#### Your goal:
The following data needs to be repeated exactly, with all images excluded.

#### Data provided:
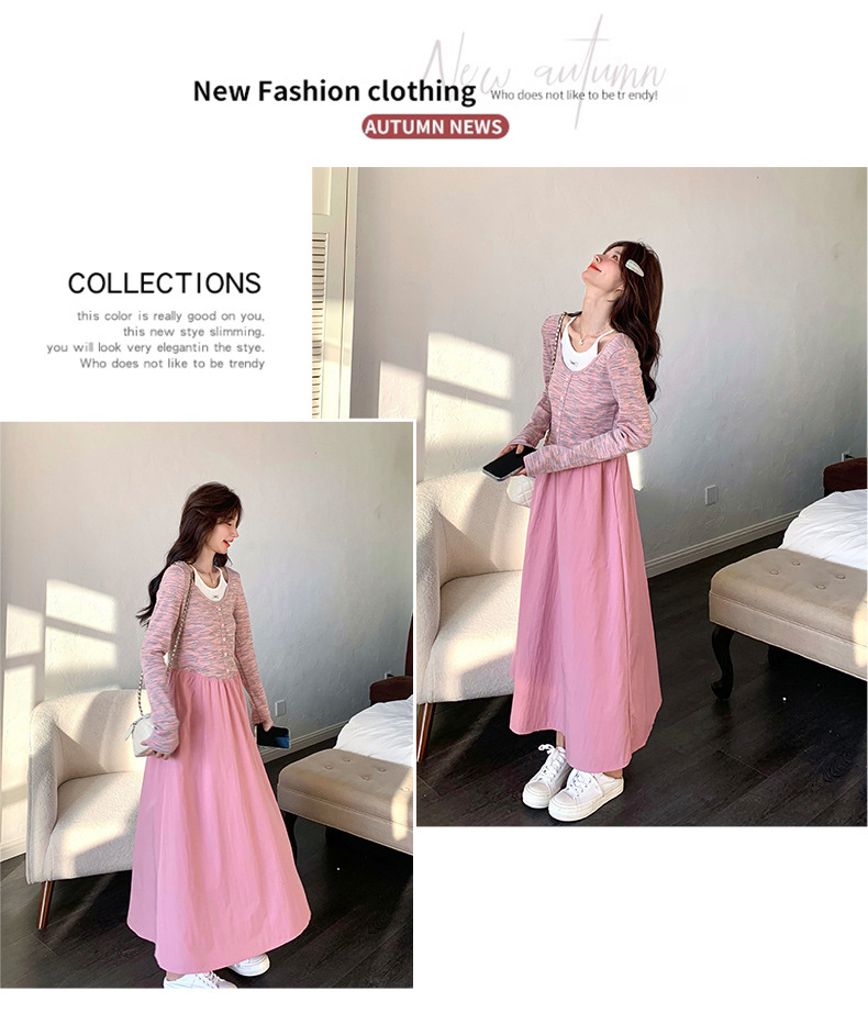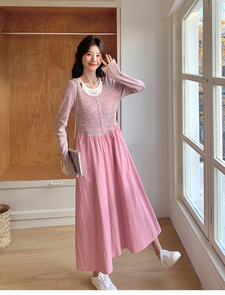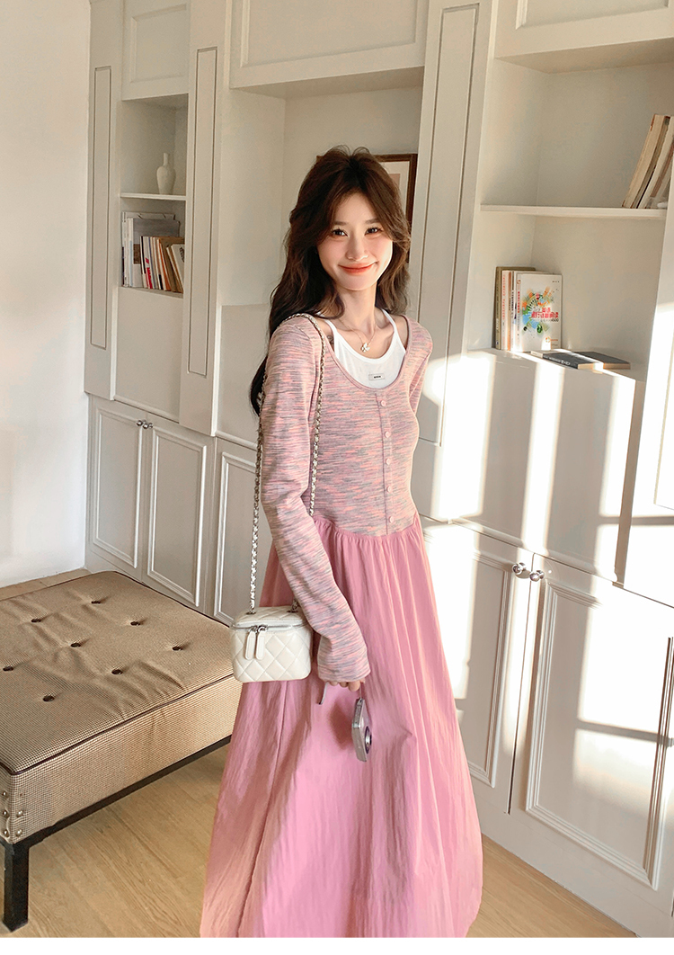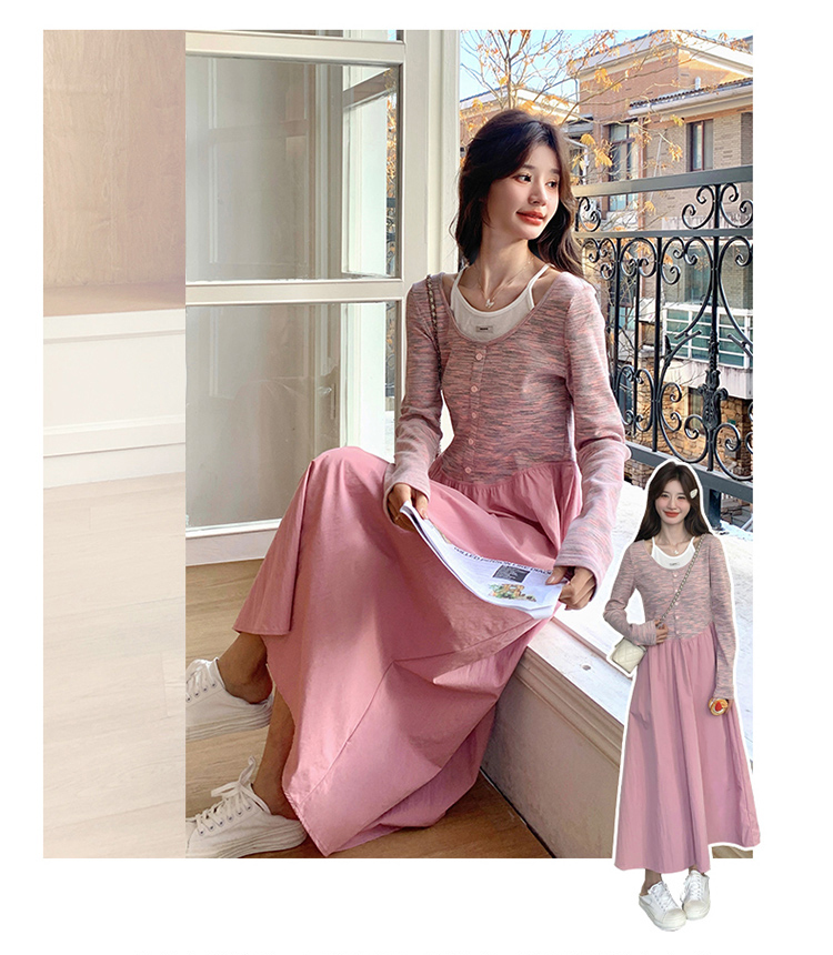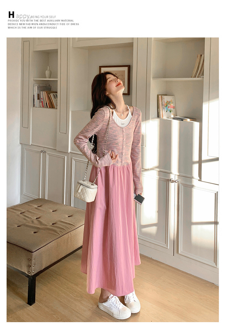 獨家訂製│假2件式連衣裙 韓系甜姊兒撞色拼接收腰連衣裙(03H7654)
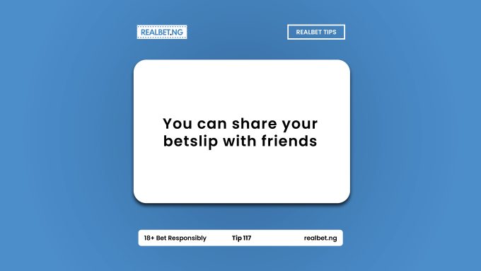 Hello Real Bettors, You can share all your bet slips with friends or family on realbet.ng using the social gambling feature. Ensure you...
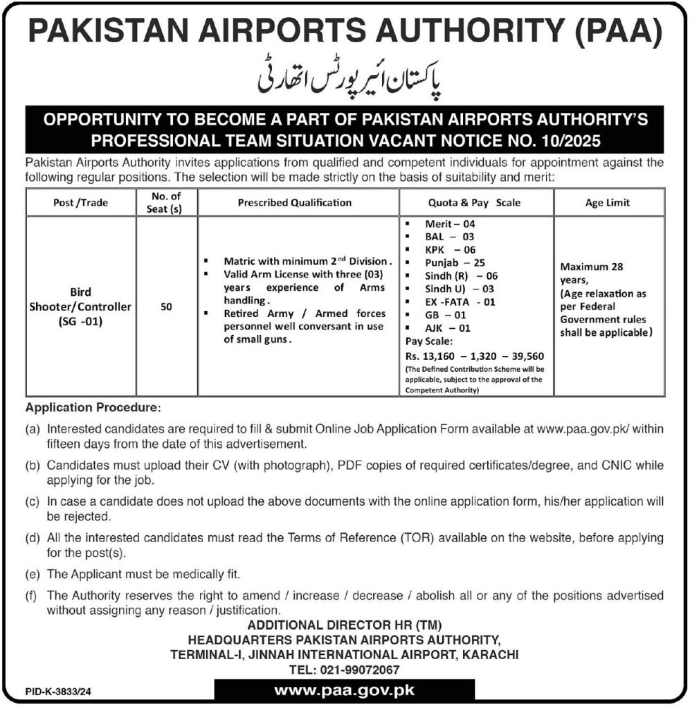 Pakistan Airports Authority (PAA) is inviting applications for the following positions as per the job advertisement published in the daily Express Tribune on 13 June, 2025 for Karachi, Pakistan:
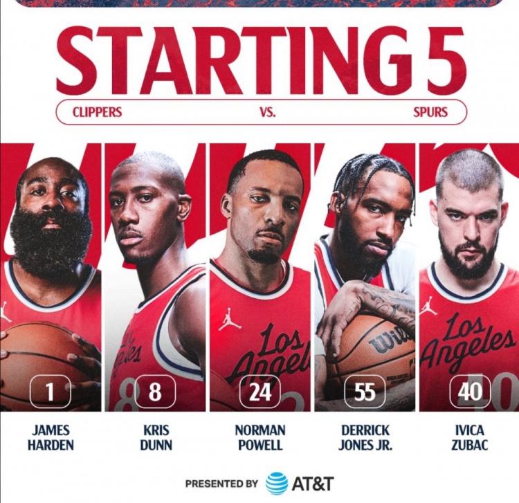 賽前,快船公布首發(fā)陣容:哈登、鄧恩、鮑威爾、小瓊斯、祖巴茨。

#### Solution to the exercise:
 獨家訂製│假2件式連衣裙 韓系甜姊兒撞色拼接收腰連衣裙(03H7654)
 Hello Real Bettors, You can share all your bet slips with friends or family on realbet.ng using the social gambling feature. Ensure you...
 Pakistan Airports Authority (PAA) is inviting applications for the following positions as per the job advertisement published in the daily Express Tribune on 13 June, 2025 for Karachi, Pakistan:
 賽前,快船公布首發(fā)陣容:哈登、鄧恩、鮑威爾、小瓊斯、祖巴茨。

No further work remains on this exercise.